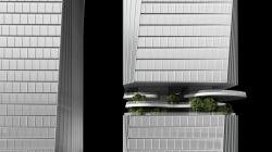 Paying homage to local landscapes and stacked rocks, the massing is informed by two simple but powerful outlines that are abstract and asymmetrical, closely resembling a totem pole. The core of the west block is hollowed out to encourage wind circulation and prevent a sense of overcrowding, with an additional aim of amalgamating built and natural environments. As well, cross-cutting is employed on one side of the mass to open up a sky garden.
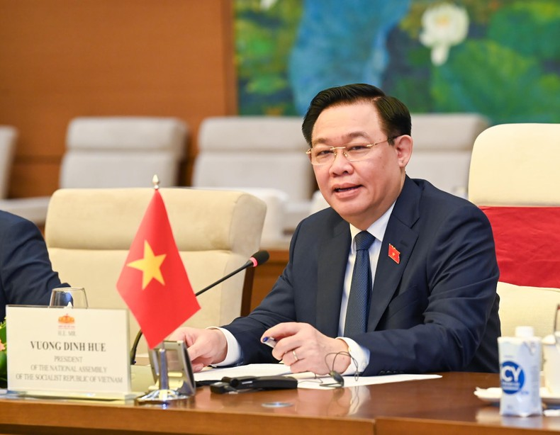 Chủ tịch Quốc hội Vương Đình Huệ phát biểu tại buổi tiếp. (Ảnh: Duy Linh).
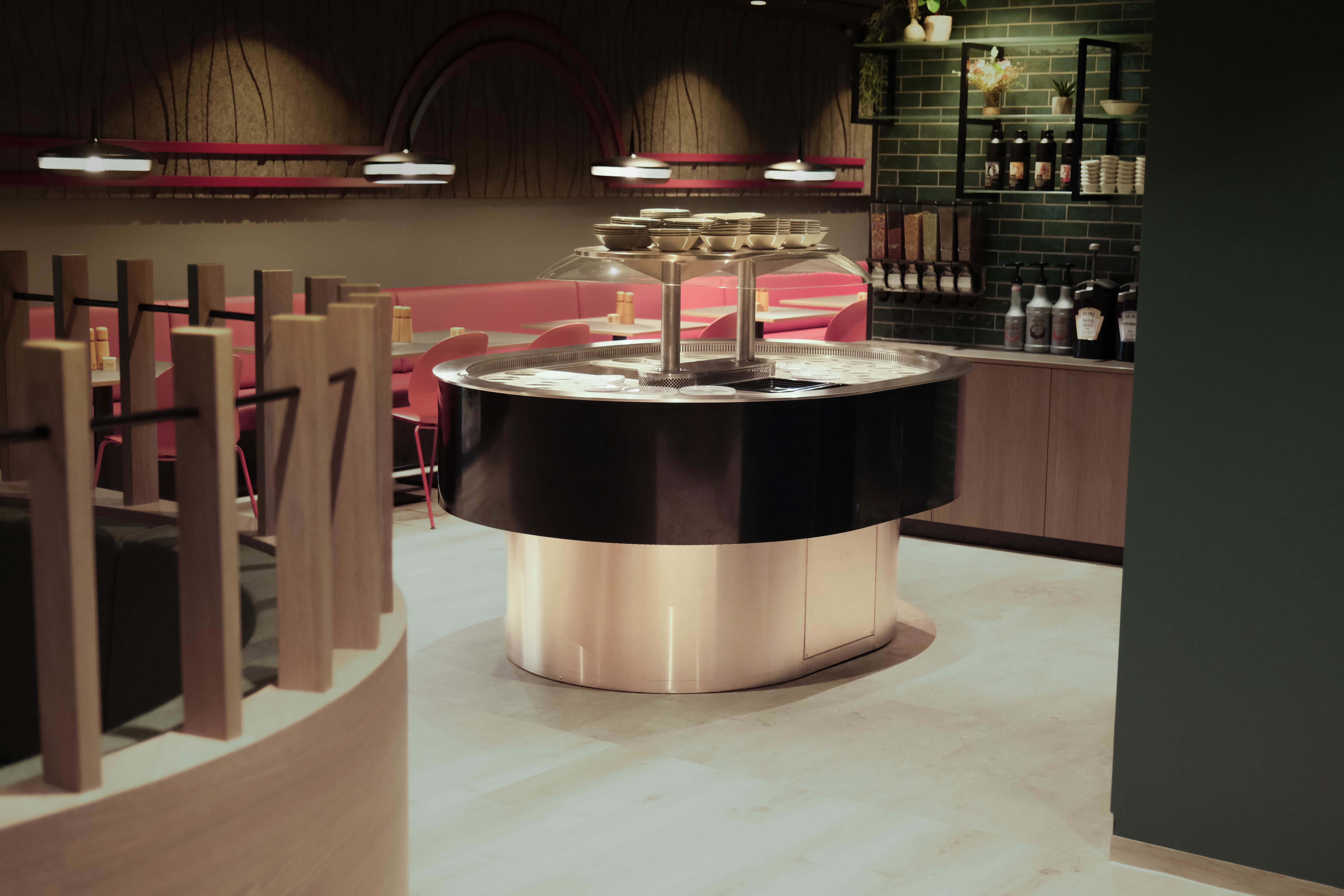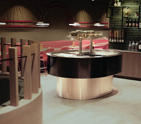 Også salatbaren er specialfremstillet og er en smart oval model, der passer pænt ind i den øvrige indretning.
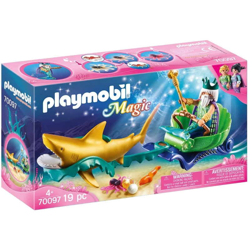The King of the Sea crosses the sea in his Shark Carriage in search of special pearls!He is the king of the sea, the ruler over the people of the sea and all its animals. The handsome sea king proudly drives his carriage, pulled by a large shark, through the ocean and looks to the right. His people are diligent and eager to find pearls of light so that the underwater world does not sink into darkness. The play set contains the Sea King with crown, a seashell carriage, a shark, beads and other accessories.-Includes: Figures: Sea King (figures can bend, sit, stand, and turn their heads). Animals: Shark, baby octopus, and moray. Accessories: Carriage, algae team, 4 beads, bead rod, pair of arm cuffs, crown, and cape.Building instructions

====

The answer must be the lines above, word for word, from the first one through the line with "Også salatbaren er", pictures excluded.

 Paying homage to local landscapes and stacked rocks, the massing is informed by two simple but powerful outlines that are abstract and asymmetrical, closely resembling a totem pole. The core of the west block is hollowed out to encourage wind circulation and prevent a sense of overcrowding, with an additional aim of amalgamating built and natural environments. As well, cross-cutting is employed on one side of the mass to open up a sky garden.
 Chủ tịch Quốc hội Vương Đình Huệ phát biểu tại buổi tiếp. (Ảnh: Duy Linh).
 Også salatbaren er specialfremstillet og er en smart oval model, der passer pænt ind i den øvrige indretning.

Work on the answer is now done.